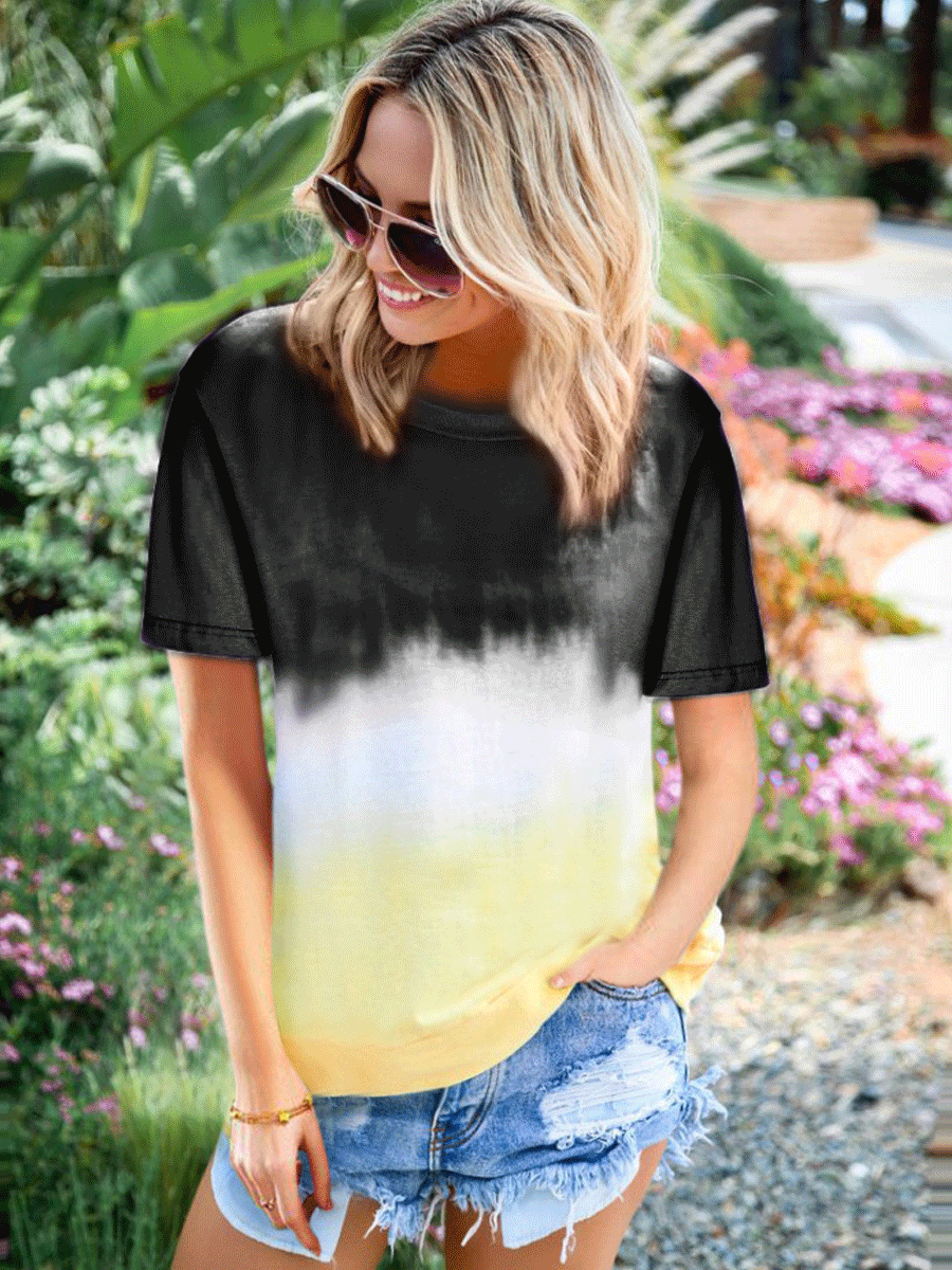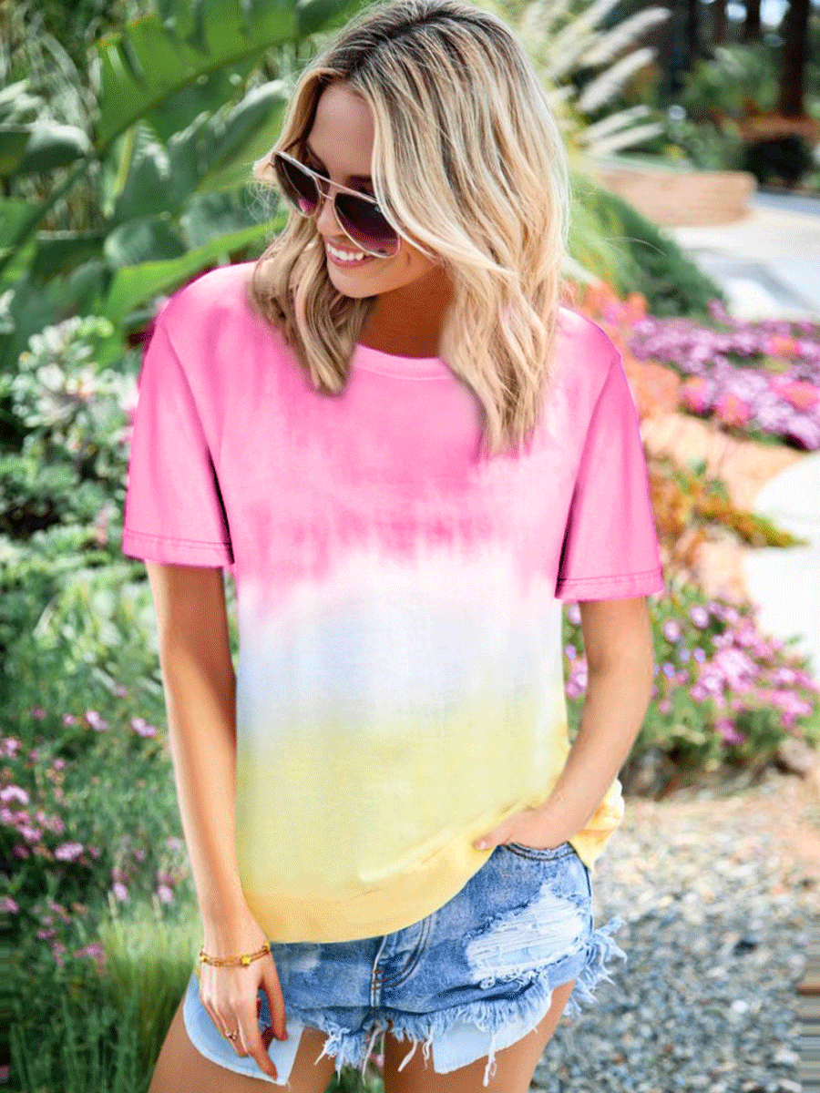 Rainbow Gradient Printed Short-sleeved T-shirt
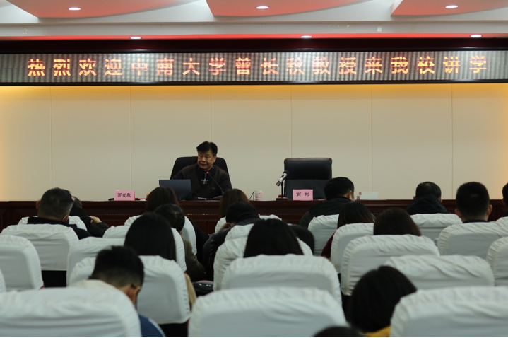 为深入贯彻落实习近平总书记关于在高???ldquo;四史”教育的指示精神,进一步弘扬湖湘红色文化,我校马克思主义学院特邀请著名红色文化研究专家、中南大学曾长秋教授前来讲学。12月1日下午2点,学校办公楼六楼职工会议室济济一堂,座无虚席,聆听讲座的教师和学生全神贯注,被精彩的内容深深吸引。
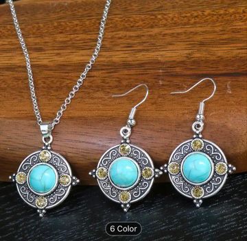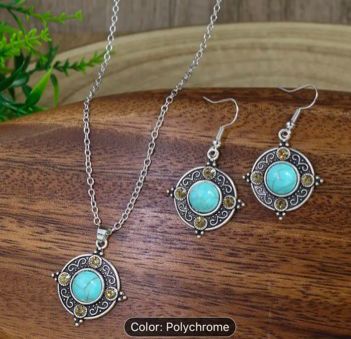 Vintage Round Silver Charm Geometric Pattern Earrings Necklace Set in Berlin
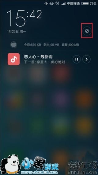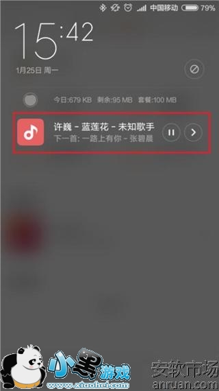 1、如果大家发现MIUI系统通知栏中小米音乐自动展现了控制开关,我们可以先下拉通知栏,找到控制开关出现的位置。
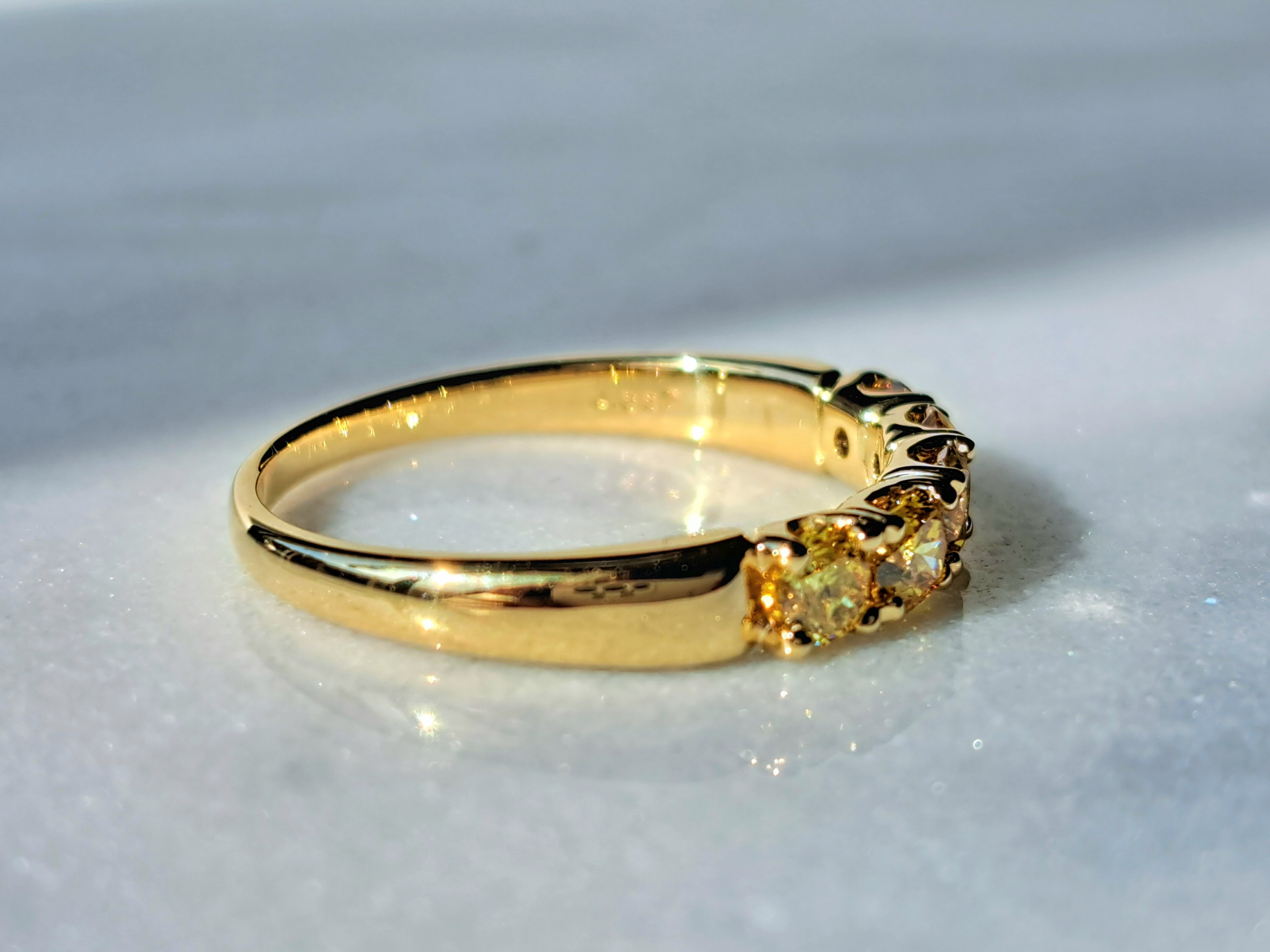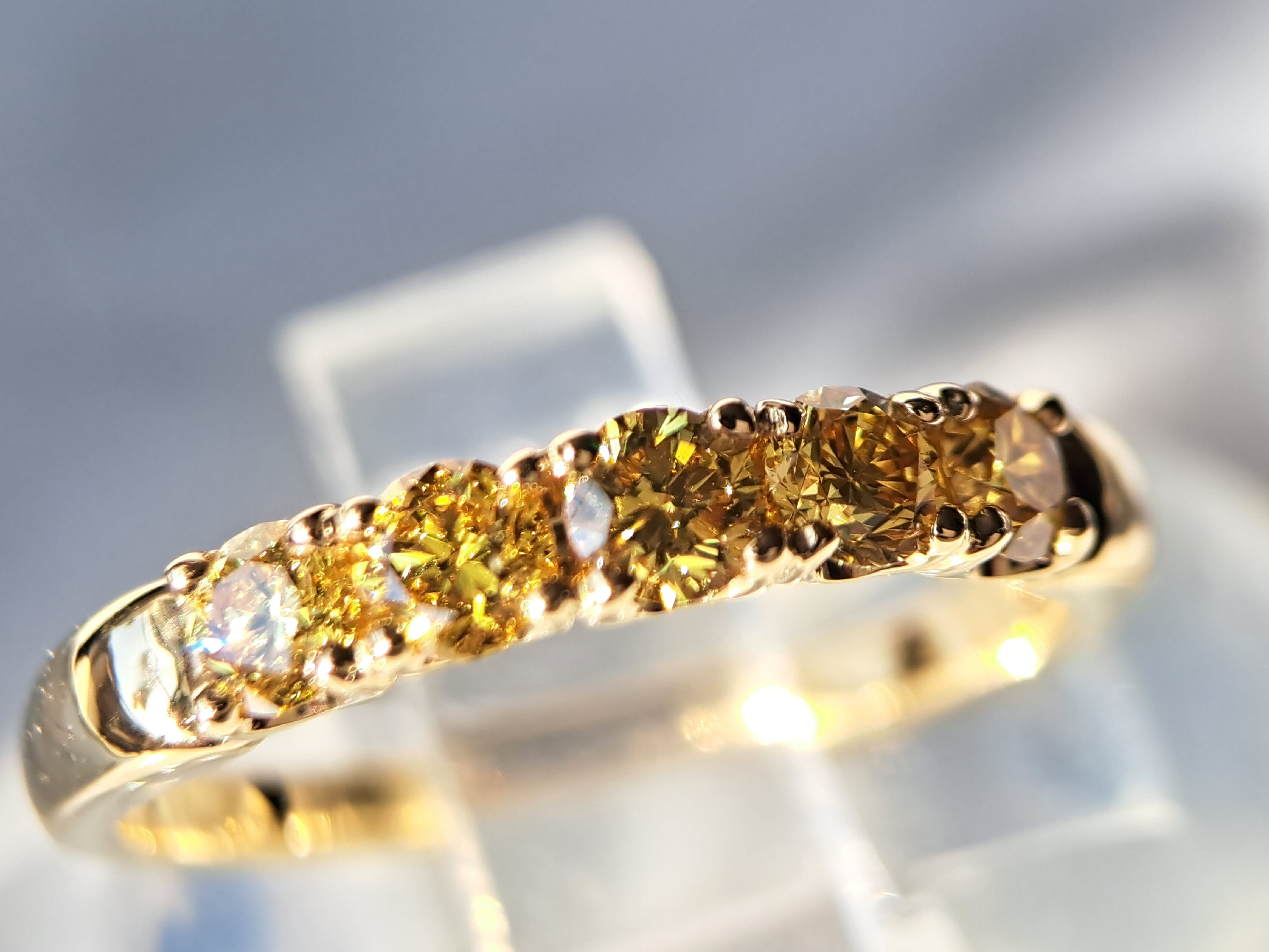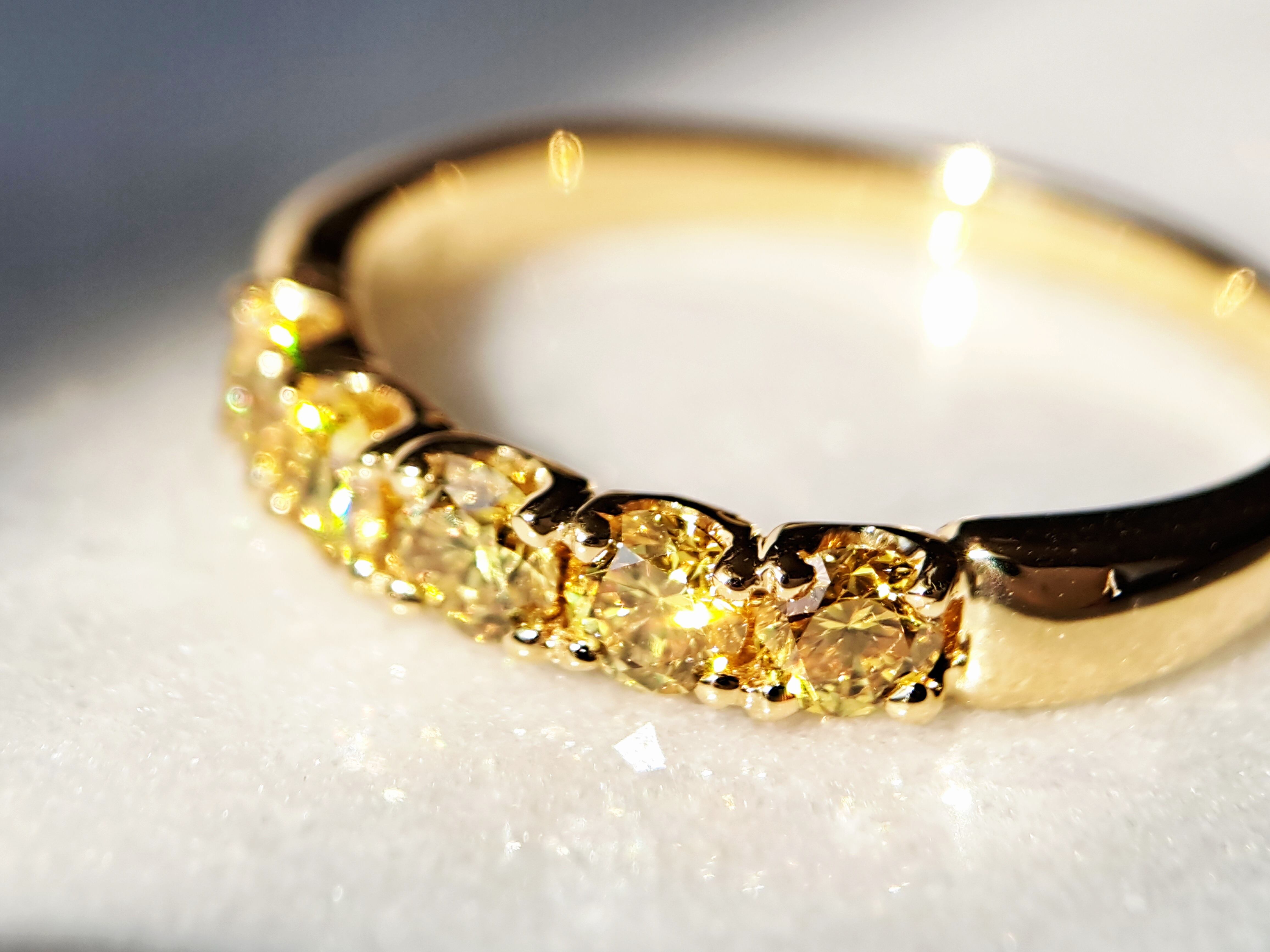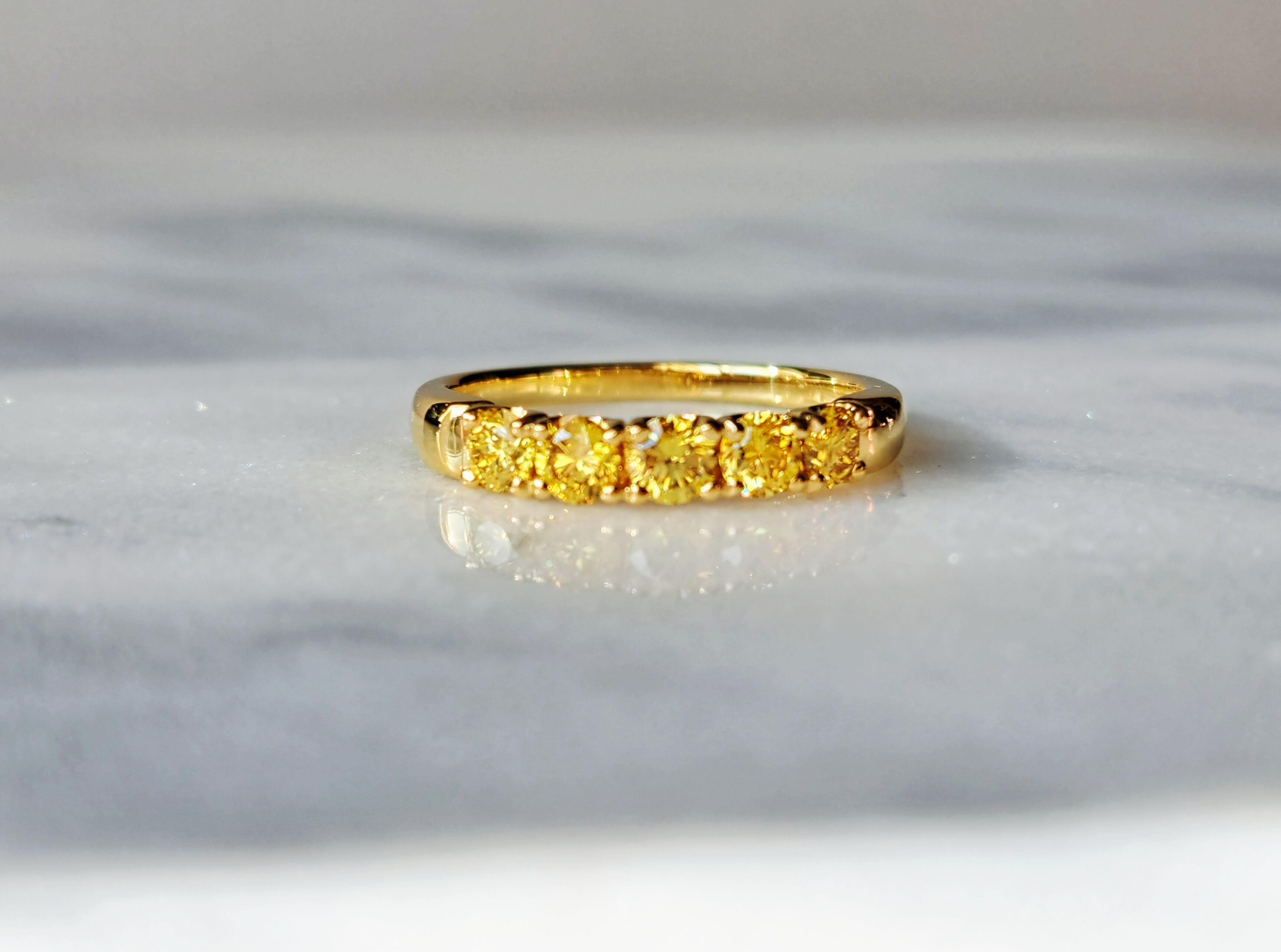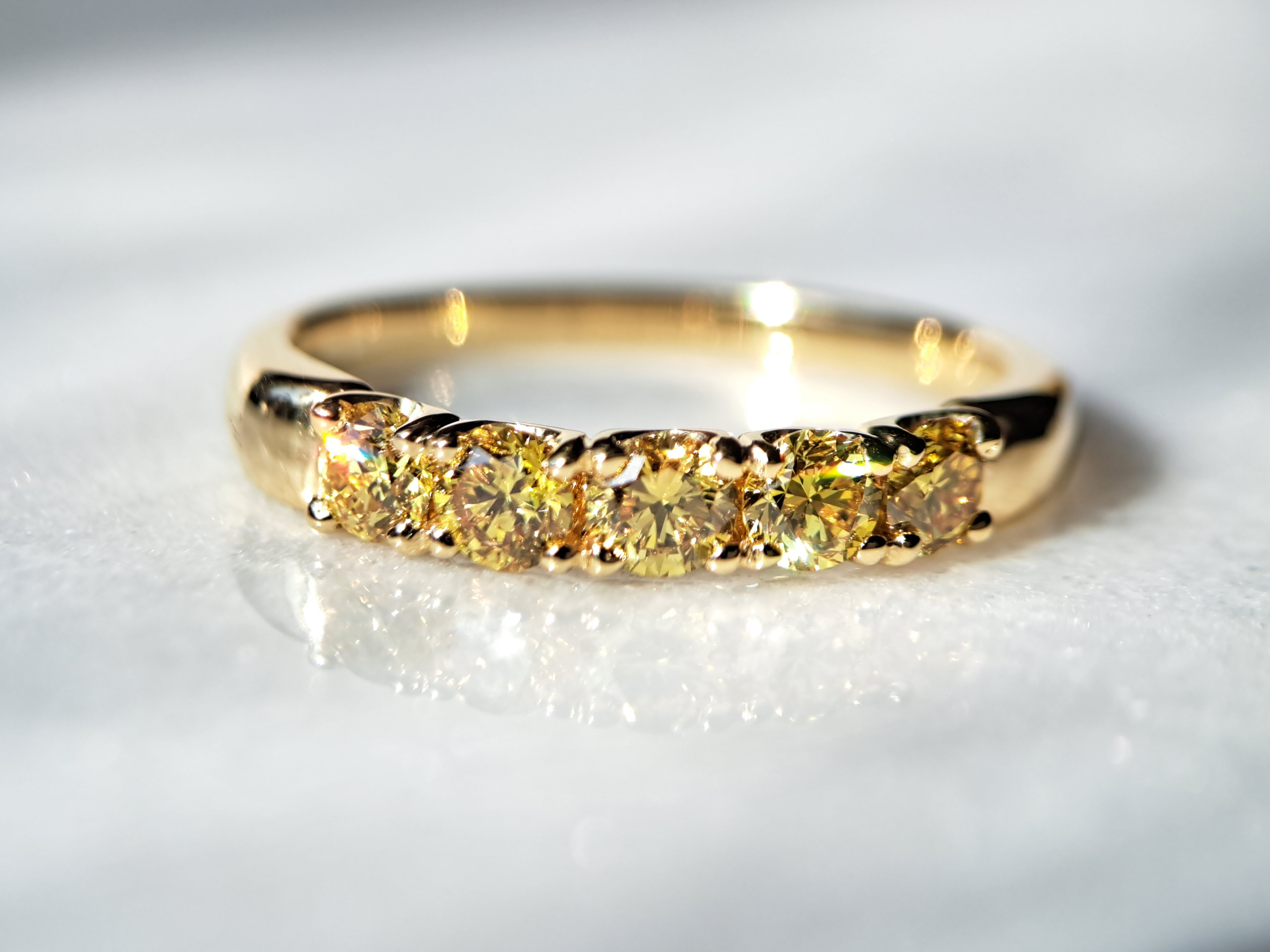 まったりとしたK18YGのベースに鎮座する、目にも鮮やかなfancy vivid yellow5石のダイヤモンドたち。

#### [Task description]
Your answer must be the lines from the one containing "Vintage Round Silver" through the last line of the records, both included, written out exactly and without pictures.

#### [Written reply]
 Vintage Round Silver Charm Geometric Pattern Earrings Necklace Set in Berlin
 1、如果大家发现MIUI系统通知栏中小米音乐自动展现了控制开关,我们可以先下拉通知栏,找到控制开关出现的位置。
 まったりとしたK18YGのベースに鎮座する、目にも鮮やかなfancy vivid yellow5石のダイヤモンドたち。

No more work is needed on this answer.